Конечно, миллион экземпляров — результат изрядной работы в определенной ситуации: дивиденд от тех литературных сенсаций, что сотрясали общество начиная с 1986 года. Общее обновление хлынуло тогда в пролом, проделанный романами, которыми “выстрелили” все ведущие журналы. В “ДН” это были рыбаковские “Дети Арбата” (а в “Новом мире” — Пастернак с “Доктором Живаго”, “Архипелаг ГУЛАГ” Солженицына, а в “Октябре” — “Жизнь и судьба” Гроссмана, а в “Знамени” — владимовский “Верный Руслан”). Тиражи тогда баснословно подскочили у всех изданий. И тем не менее: одно дело, когда наращивают тираж такие традиционные левиафаны всесоюзной печати, как “Новый мир” (более чем вдвое) или “Знамя” (почти вдвое), и другое дело, когда на миллионный уровень взлетает “Дружба народов” с традиционной узкой грядки, где пестуется многонациональное древо, называемое иногда в узких кругах “братской могилой”: тут-то рост тиража более чем вчетверо!
Это добыто — в общей работе (обвал будет у каждого — свой). Доводя до читателя проклятьем заклейменные тексты, журнал в строю других флагманов “перестройки” делал то же, что и другие: с помощью впервые осуществляющейся “ласности” возвращал читателю воображаемую идеальную реальность, лечил душу, свихнувшуюся на ухабах конкретно-исторического пути.
Марк Алданов, “Ключ”. Борис Пильняк, “Красное дерево”. Александр Бек, “На другой день”. Нина Берберова, “Железная женщина”. Семен Липкин, “Декада”. Владимир Войнович, “Иванькиада”. Все невозможное вчера! Романы и повести звучат в одном регистре с мемуарами и документами: с лагерной исповедью Ольги Адамовой-Слиозберг, с дневниками Исаака Бабеля, с письмом Ивана Винниченко Сталину. Извлечены из архивов и письменных столов тексты Шаламова, Трифонова, Тендрякова, Булгакова, Луначарского, Гургена Маари… Праздник Гласности, воскрешение Павших, возвещение Правды.

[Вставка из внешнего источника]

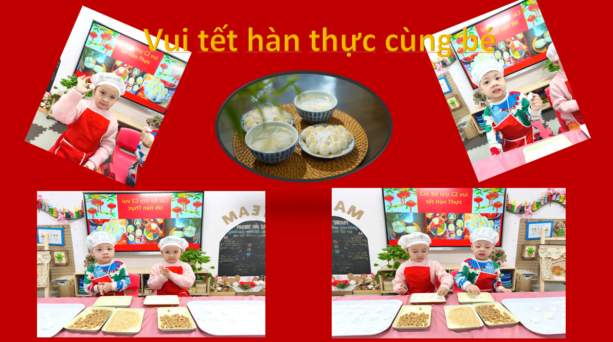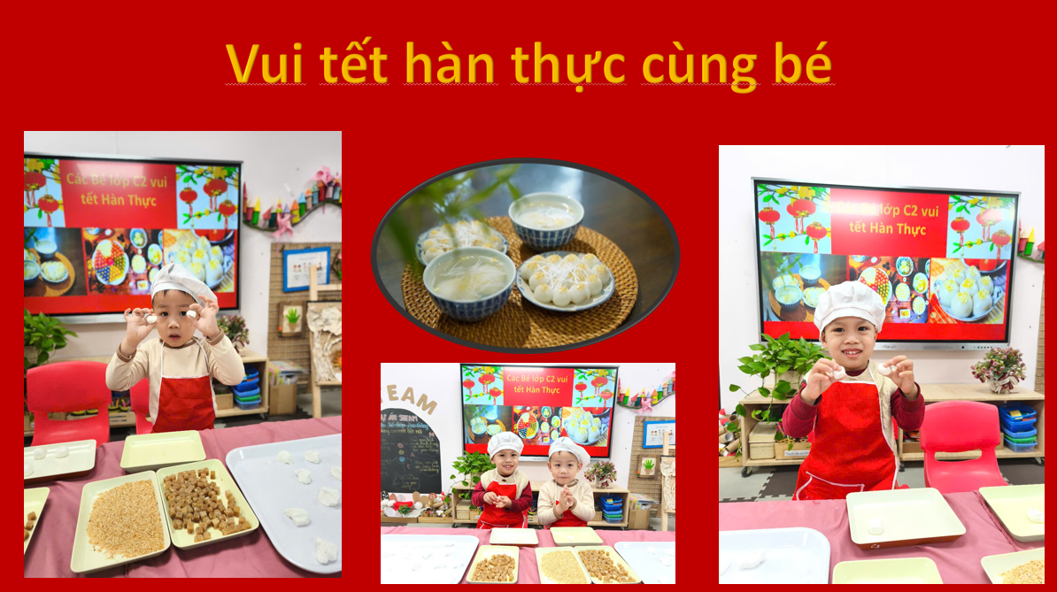 Để giúp trẻ biết được ý nghĩa của ngày Tết Hàn Thực, các cô lớp 3 tuổi C2 đã tổ chức hoạt động trải nghiệm: " Bé vui Tết Hàn thực" cho các con. Với hoạt động trải nghiệm này, các con được các cô giới thiệu về nguồn gốc, ý nghĩa của ngày Tết Hàn Thực. Thông qua hoạt động này, các bé được rèn luyện kỹ năng xoay tròn và làm ra những viên bánh trôi tròn tròn, xinh xắn trông thật đẹp mắt. Trước khi bắt tay vào làm, các bé được nghe cô giáo kể về ý nghĩa của ngày Tết Hàn Thực. Sau khi đã rửa tay sạch sẽ, các bé được bắt tay vào tự nặn những viên bánh trôi theo hướng dẫn của cô giáo.“ Tết hàn thực ” đã mang đến cho các bé trải nghiệm thú vị. Trẻ vô cùng háo hức vì đã được tự tay mình nặn ra những viên bánh trôi xinh xinh và thưởng thúc bánh trôi do mình làm ra.

Поэзия тоже стягивает времена, подтягивает пропущенное к сегодняшнему. “Из тех лет”… “Из разных лет”… Виктор Боков, Михаил Дудин, Имант Зиедонис, Фазиль Искандер, Анна Каландадзе, Владимир Корнилов, Виталий Коротич, Юрий Кублановский, Александр Кушнер, Инна Лиснянская, Нонна Слепакова, Геннадий Русаков, Николай Тряпкин, Борис Чичибабин, Олег Чухонцев… Последний озаглавливает подборку: “Общие стены”. На общий пир званы люди, в этих стенах неслыханные. Всеволод Некрасов, например… Молоденькая Инна Кабыш, как бы подыгрывая празднику единения, сигналит единомышленникам, что “налицо беспрецедентный пир, и мертвецов живые ублажают”. Алексей Дидуров подхватывает: “Нас было мало в той стране
… на пир смотревших в стороне”. Теперь нас много. И пир общий.Однако самые проницательные участники этой либерально-объединительной презентации силятся рассмотреть на стене роковые письмена. Иосиф Бродский перелагает с литовского на русский Томаса Венцлову:
Не воскресить гармонии и дара,
Поленьев треска, теплого угара
В том очаге, что время разжигало.
Но есть очаг вневременный, и та
Есть оптика, что преломляет судьбы
До совпаденья слова или сути,
До вечных форм, повторенных в сосуде,
На общие рассчитанном уста…
Оставь же землю. Время плыть без курса.
Крошится камень, ложь бормочет тускло.
Но, как свидетель выживший, искусство
Буравит взглядом снега круговерть.
Бредут в моря на ощупь устья снова.
Взрывает злак мощь ледяного крова.
И легкое, бессмысленное слово
Звучит вдали отчетливей, чем смерть.
Но и смерть звучит отчетливо и так неожиданно близко, что слово не успевает очнуться. А стены уже валятся. Грохот павшей Берлинской стены отдается ревом толпы под стенами президентского дворца в Бухаресте. Либеральная печать не может найти тона, от замешательства впадает в глум: “Супруги Чаушеску жили счастливо и умерли в один день” (напечатано, слава Богу, не в “ДН”). Войны гаснут — войны разгораются. Генерал Громов последним покидает афганский берег. В Тбилиси Кровавое воскресение…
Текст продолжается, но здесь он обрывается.